▶ **DATA EXTRACT**:
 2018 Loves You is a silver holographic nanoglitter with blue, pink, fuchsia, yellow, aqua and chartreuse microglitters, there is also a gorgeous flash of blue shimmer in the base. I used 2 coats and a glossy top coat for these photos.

...

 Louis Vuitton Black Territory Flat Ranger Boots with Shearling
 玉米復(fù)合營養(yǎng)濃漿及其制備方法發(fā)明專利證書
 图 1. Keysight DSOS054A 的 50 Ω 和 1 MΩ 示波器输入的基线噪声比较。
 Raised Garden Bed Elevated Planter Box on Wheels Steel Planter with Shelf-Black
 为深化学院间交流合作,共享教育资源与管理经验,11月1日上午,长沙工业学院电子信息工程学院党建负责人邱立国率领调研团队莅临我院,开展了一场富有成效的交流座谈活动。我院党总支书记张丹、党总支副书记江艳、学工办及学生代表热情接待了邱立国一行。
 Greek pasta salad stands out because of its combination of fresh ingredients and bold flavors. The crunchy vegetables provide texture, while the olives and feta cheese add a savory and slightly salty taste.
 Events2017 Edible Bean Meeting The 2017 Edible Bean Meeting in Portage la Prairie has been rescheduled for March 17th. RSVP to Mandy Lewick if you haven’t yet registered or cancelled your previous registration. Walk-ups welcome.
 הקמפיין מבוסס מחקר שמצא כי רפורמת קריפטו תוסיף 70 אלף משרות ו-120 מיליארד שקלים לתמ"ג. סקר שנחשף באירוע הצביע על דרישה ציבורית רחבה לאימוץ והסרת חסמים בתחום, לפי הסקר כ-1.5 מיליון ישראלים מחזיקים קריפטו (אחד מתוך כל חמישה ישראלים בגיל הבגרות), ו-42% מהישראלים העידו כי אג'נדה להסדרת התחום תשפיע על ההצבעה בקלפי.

▶ **WHAT IS NEEDED**: Starting with the line that holds "为深化学院间交流合作,共享教" and ending with the line that holds "הקמפיין מבוסס מחקר", retype every line in the data above exactly, and nothing else.

▶ **EXERCISE RESPONSE**:
 为深化学院间交流合作,共享教育资源与管理经验,11月1日上午,长沙工业学院电子信息工程学院党建负责人邱立国率领调研团队莅临我院,开展了一场富有成效的交流座谈活动。我院党总支书记张丹、党总支副书记江艳、学工办及学生代表热情接待了邱立国一行。
 Greek pasta salad stands out because of its combination of fresh ingredients and bold flavors. The crunchy vegetables provide texture, while the olives and feta cheese add a savory and slightly salty taste.
 Events2017 Edible Bean Meeting The 2017 Edible Bean Meeting in Portage la Prairie has been rescheduled for March 17th. RSVP to Mandy Lewick if you haven’t yet registered or cancelled your previous registration. Walk-ups welcome.
 הקמפיין מבוסס מחקר שמצא כי רפורמת קריפטו תוסיף 70 אלף משרות ו-120 מיליארד שקלים לתמ"ג. סקר שנחשף באירוע הצביע על דרישה ציבורית רחבה לאימוץ והסרת חסמים בתחום, לפי הסקר כ-1.5 מיליון ישראלים מחזיקים קריפטו (אחד מתוך כל חמישה ישראלים בגיל הבגרות), ו-42% מהישראלים העידו כי אג'נדה להסדרת התחום תשפיע על ההצבעה בקלפי.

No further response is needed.